## WORK TASK
The lines below, from the one containing "⑤ 해커톤에서 사용할 Repository 만들기" through the one containing "Buffalo, NY - Get", should be set down exactly, with no pictures and nothing else.

## DATA FOR REVIEW
○ ○ ○ ○ ○ ○ ○
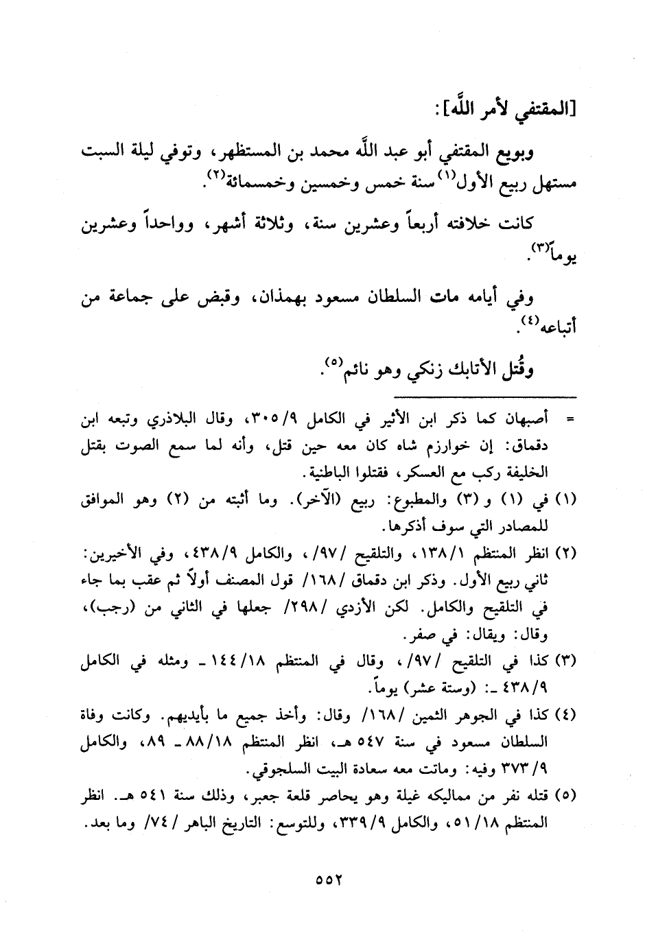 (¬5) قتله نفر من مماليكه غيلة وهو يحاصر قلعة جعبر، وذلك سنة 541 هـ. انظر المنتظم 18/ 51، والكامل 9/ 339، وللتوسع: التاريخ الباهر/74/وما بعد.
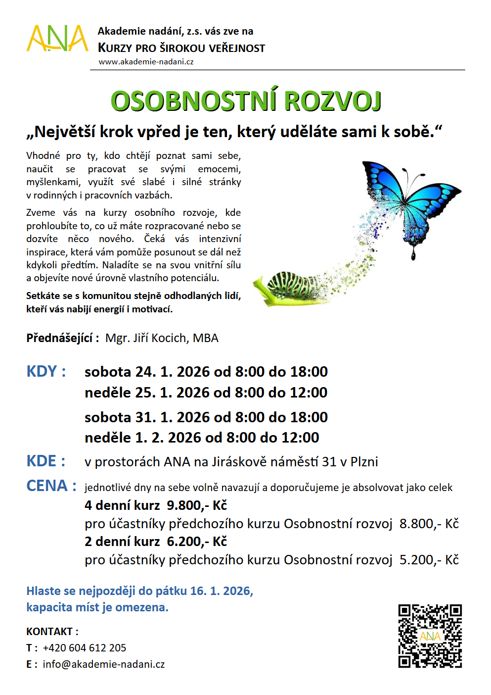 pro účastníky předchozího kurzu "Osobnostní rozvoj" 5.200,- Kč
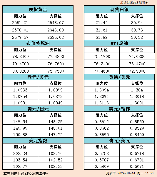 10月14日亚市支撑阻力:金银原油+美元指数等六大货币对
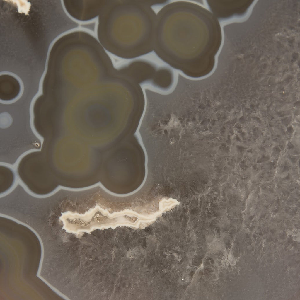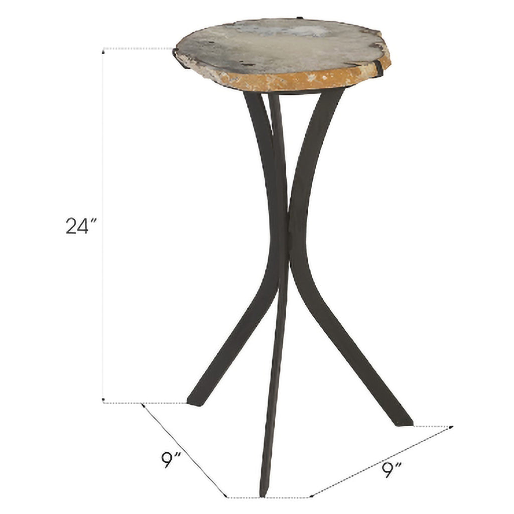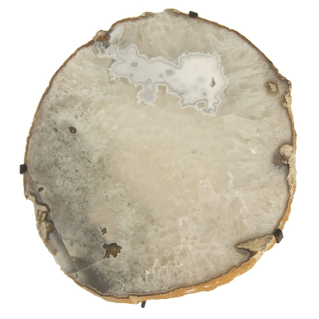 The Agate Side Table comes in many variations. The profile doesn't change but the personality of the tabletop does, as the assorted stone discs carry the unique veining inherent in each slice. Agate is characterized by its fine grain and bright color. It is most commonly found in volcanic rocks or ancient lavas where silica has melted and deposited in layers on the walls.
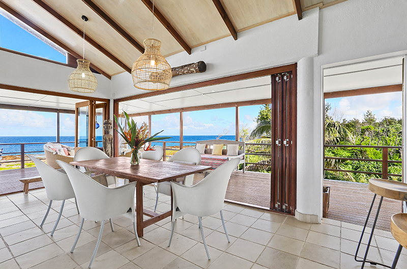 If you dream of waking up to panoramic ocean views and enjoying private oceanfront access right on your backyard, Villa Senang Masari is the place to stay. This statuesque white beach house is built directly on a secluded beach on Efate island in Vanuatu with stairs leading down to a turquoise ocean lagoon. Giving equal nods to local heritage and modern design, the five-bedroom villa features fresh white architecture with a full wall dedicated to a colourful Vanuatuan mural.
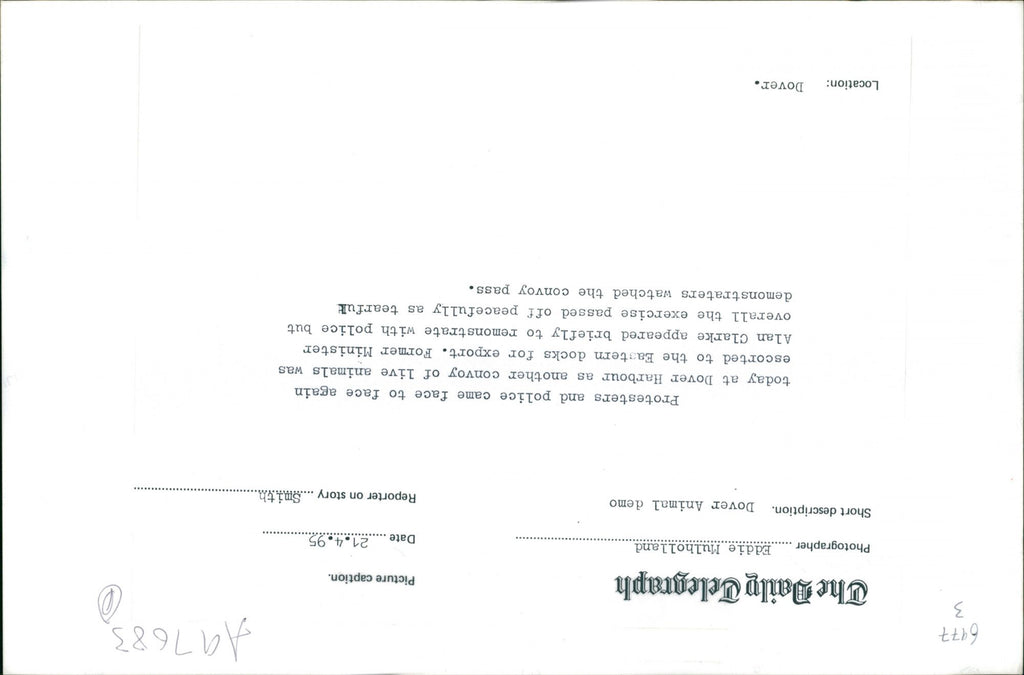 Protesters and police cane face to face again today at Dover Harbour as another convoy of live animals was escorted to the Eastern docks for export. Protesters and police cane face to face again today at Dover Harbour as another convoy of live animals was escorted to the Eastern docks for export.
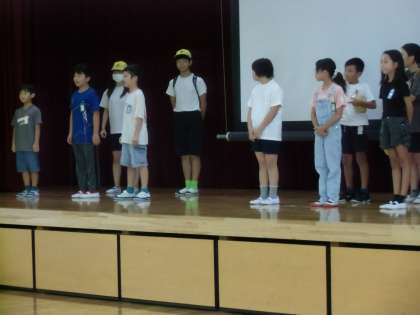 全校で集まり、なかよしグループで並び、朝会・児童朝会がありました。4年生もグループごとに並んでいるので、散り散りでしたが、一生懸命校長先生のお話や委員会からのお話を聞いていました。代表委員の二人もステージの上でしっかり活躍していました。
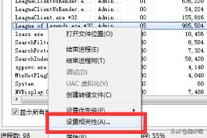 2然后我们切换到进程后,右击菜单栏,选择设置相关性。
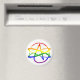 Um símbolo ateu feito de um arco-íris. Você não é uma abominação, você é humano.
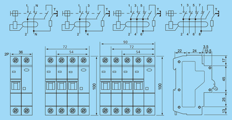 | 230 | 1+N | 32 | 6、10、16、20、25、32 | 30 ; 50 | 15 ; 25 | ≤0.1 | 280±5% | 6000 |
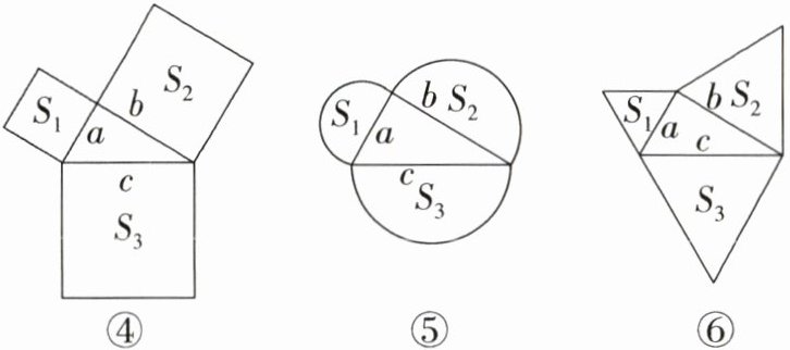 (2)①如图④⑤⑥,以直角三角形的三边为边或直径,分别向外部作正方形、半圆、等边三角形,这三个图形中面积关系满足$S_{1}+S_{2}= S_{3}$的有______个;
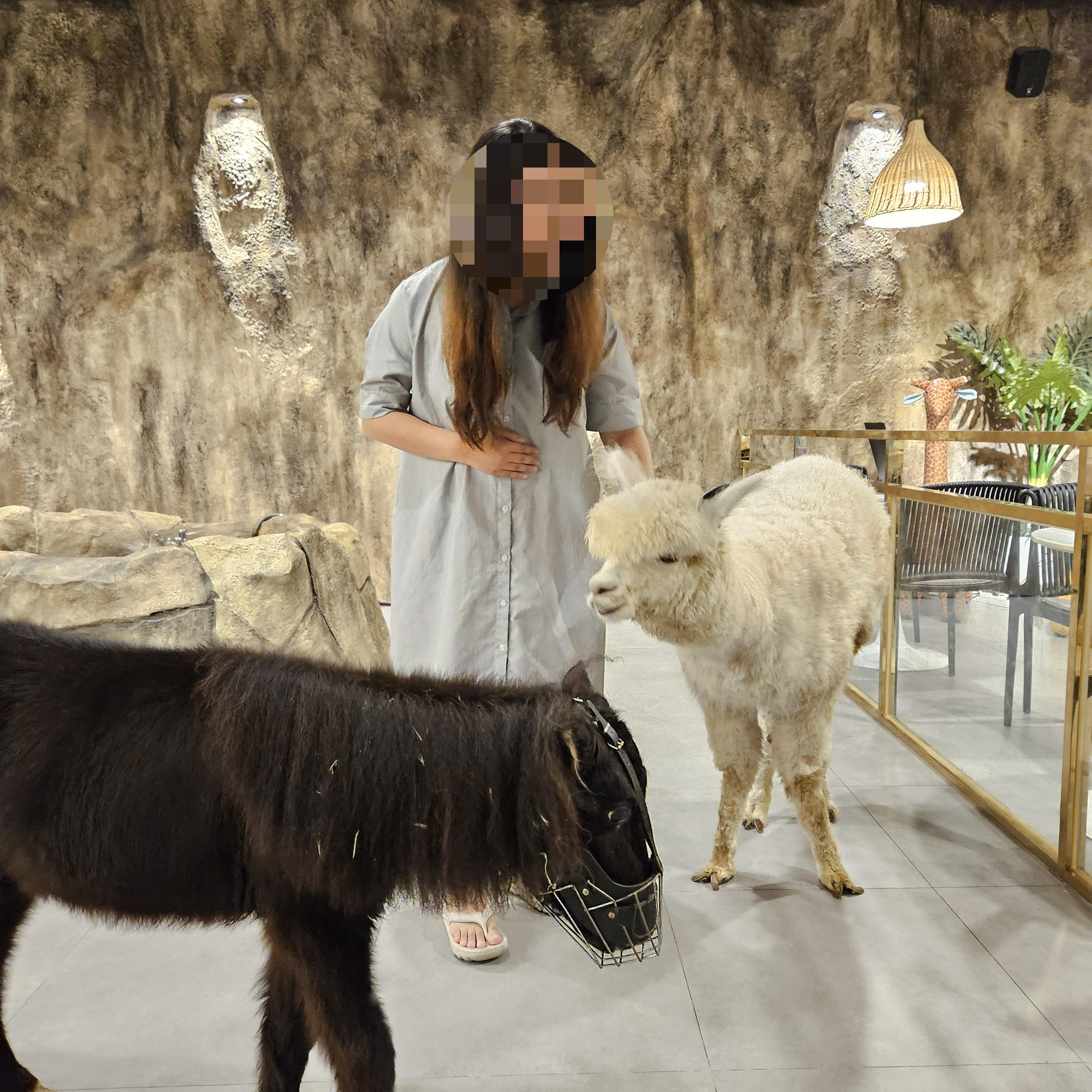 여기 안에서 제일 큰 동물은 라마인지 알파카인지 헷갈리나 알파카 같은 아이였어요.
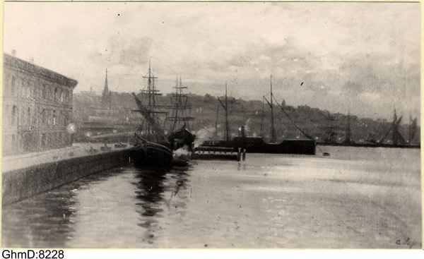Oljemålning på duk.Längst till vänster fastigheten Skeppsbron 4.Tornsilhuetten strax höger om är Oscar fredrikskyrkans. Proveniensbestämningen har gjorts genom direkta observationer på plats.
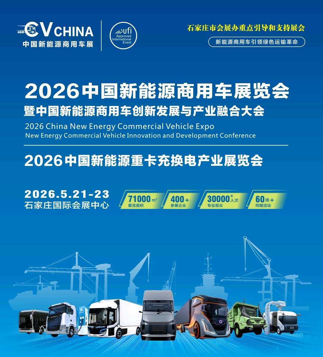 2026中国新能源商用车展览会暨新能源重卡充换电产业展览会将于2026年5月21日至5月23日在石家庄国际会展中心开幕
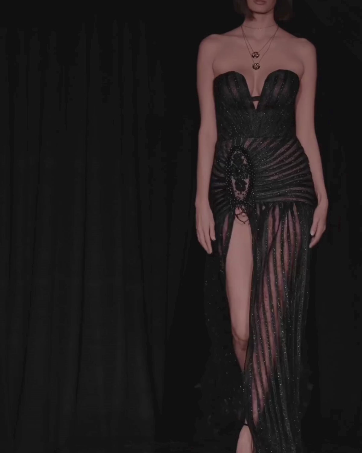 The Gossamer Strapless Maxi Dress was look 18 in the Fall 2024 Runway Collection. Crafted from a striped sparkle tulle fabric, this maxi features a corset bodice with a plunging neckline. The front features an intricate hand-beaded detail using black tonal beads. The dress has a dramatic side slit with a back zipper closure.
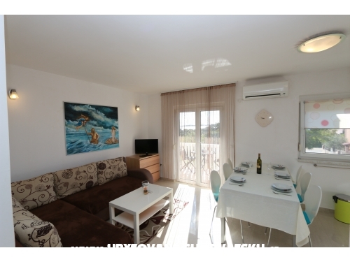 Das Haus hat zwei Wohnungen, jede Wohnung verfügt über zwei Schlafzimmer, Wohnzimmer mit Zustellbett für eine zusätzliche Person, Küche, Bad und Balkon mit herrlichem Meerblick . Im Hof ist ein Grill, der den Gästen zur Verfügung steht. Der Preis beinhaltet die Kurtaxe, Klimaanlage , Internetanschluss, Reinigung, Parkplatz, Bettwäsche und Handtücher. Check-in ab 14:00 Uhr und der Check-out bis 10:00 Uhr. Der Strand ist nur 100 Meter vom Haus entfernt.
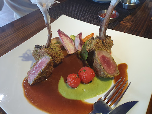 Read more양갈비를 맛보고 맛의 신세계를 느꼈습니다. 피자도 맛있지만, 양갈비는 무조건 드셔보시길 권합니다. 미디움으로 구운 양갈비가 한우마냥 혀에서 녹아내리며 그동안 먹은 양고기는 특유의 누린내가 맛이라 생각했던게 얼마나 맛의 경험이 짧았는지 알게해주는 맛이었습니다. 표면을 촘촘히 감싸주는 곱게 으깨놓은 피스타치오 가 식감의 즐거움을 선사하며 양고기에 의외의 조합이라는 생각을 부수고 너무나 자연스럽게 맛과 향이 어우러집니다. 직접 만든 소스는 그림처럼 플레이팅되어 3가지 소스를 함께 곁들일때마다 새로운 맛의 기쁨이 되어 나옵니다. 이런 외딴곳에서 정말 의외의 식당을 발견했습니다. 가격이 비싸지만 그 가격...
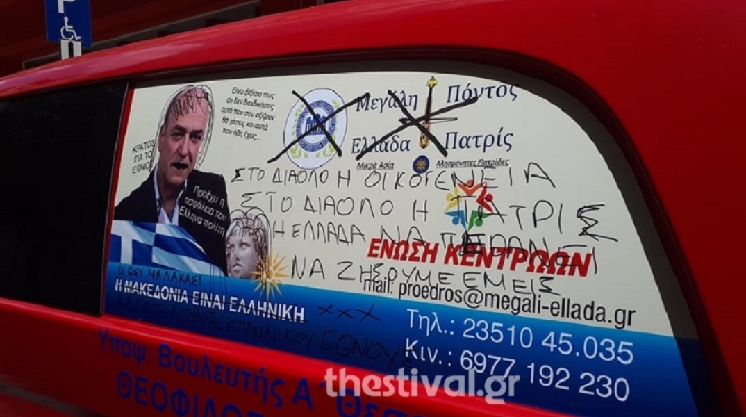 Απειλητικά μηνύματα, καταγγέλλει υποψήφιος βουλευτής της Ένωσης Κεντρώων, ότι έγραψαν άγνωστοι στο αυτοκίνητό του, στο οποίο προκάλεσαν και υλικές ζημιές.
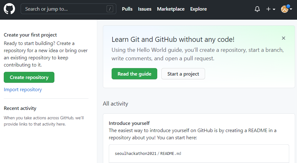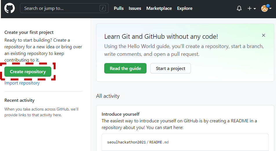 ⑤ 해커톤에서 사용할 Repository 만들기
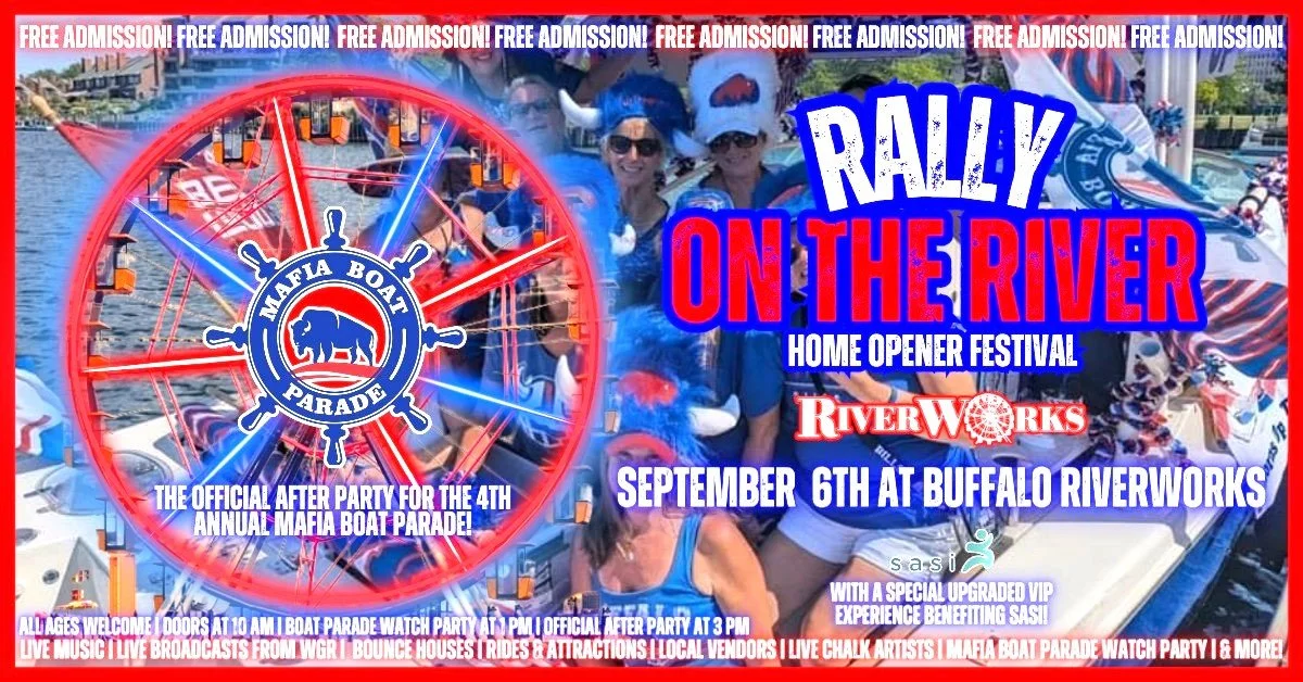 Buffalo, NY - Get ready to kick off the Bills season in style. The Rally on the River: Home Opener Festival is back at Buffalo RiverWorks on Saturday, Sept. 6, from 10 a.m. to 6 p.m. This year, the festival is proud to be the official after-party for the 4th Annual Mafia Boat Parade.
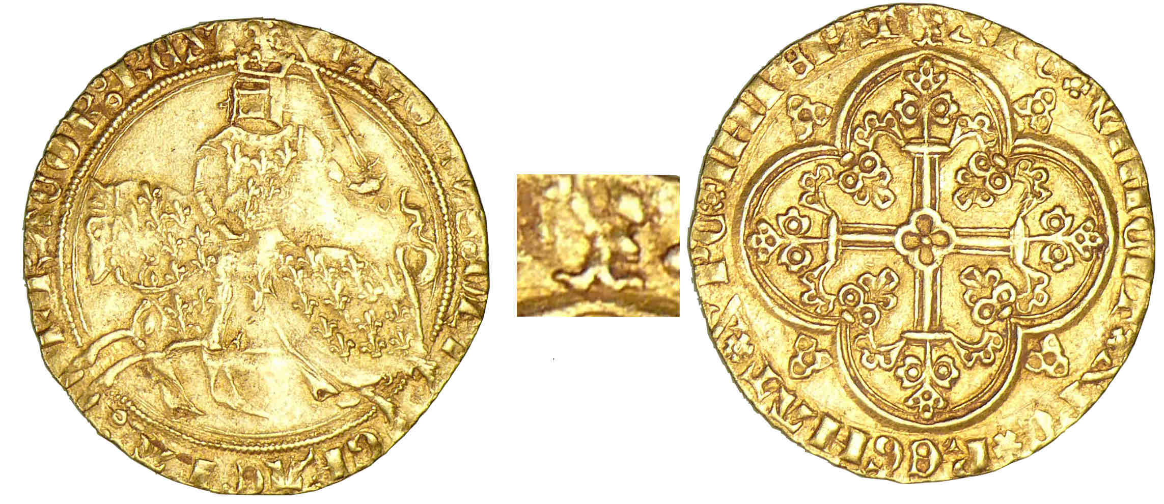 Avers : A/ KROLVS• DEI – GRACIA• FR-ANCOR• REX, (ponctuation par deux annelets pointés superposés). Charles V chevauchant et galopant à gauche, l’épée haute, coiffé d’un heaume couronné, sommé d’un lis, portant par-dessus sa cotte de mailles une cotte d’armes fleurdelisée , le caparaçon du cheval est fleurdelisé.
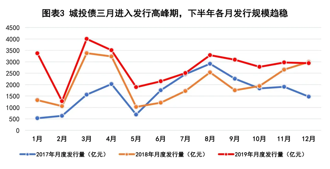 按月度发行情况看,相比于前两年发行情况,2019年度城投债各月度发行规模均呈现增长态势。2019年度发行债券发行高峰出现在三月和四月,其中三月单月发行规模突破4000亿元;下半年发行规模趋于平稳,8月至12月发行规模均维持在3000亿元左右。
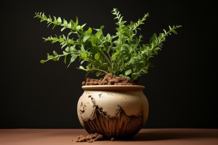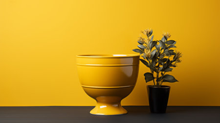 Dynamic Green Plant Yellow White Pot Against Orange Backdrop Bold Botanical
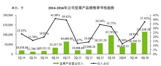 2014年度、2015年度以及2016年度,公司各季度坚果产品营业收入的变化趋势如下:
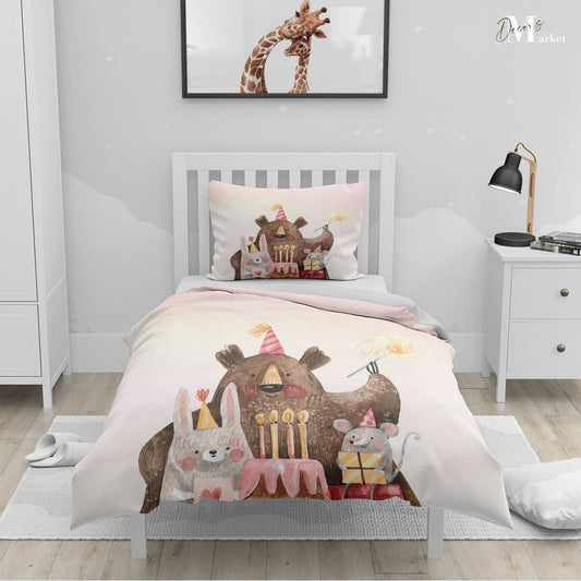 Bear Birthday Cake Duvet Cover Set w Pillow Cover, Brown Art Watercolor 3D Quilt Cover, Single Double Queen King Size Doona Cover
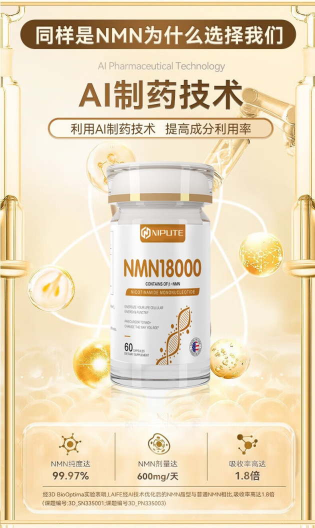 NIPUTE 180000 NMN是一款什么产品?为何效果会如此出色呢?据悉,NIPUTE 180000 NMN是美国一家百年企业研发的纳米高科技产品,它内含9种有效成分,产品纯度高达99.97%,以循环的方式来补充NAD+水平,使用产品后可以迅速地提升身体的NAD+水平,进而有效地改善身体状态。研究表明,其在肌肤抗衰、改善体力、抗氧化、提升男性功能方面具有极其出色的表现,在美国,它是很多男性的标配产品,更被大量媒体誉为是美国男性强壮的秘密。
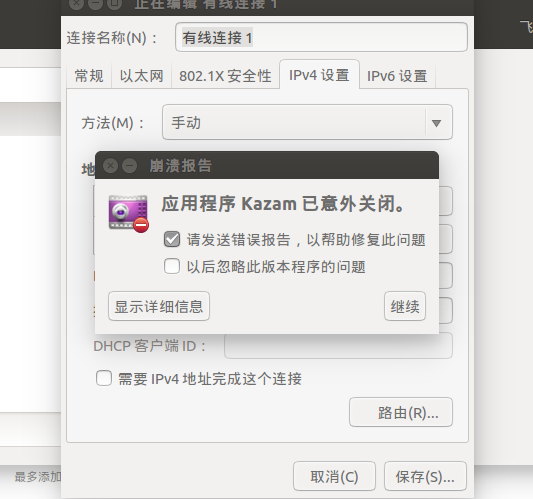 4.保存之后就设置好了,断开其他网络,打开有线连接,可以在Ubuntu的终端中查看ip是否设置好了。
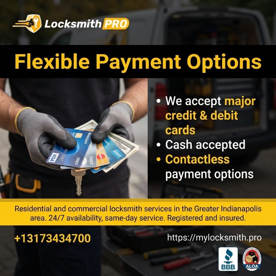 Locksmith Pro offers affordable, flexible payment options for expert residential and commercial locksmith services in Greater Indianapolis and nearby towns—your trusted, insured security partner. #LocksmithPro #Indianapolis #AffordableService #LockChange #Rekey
○ ○ ○ ○ ○ ○ ○
## YOUR SOLUTION
 ⑤ 해커톤에서 사용할 Repository 만들기
 Buffalo, NY - Get ready to kick off the Bills season in style. The Rally on the River: Home Opener Festival is back at Buffalo RiverWorks on Saturday, Sept. 6, from 10 a.m. to 6 p.m. This year, the festival is proud to be the official after-party for the 4th Annual Mafia Boat Parade.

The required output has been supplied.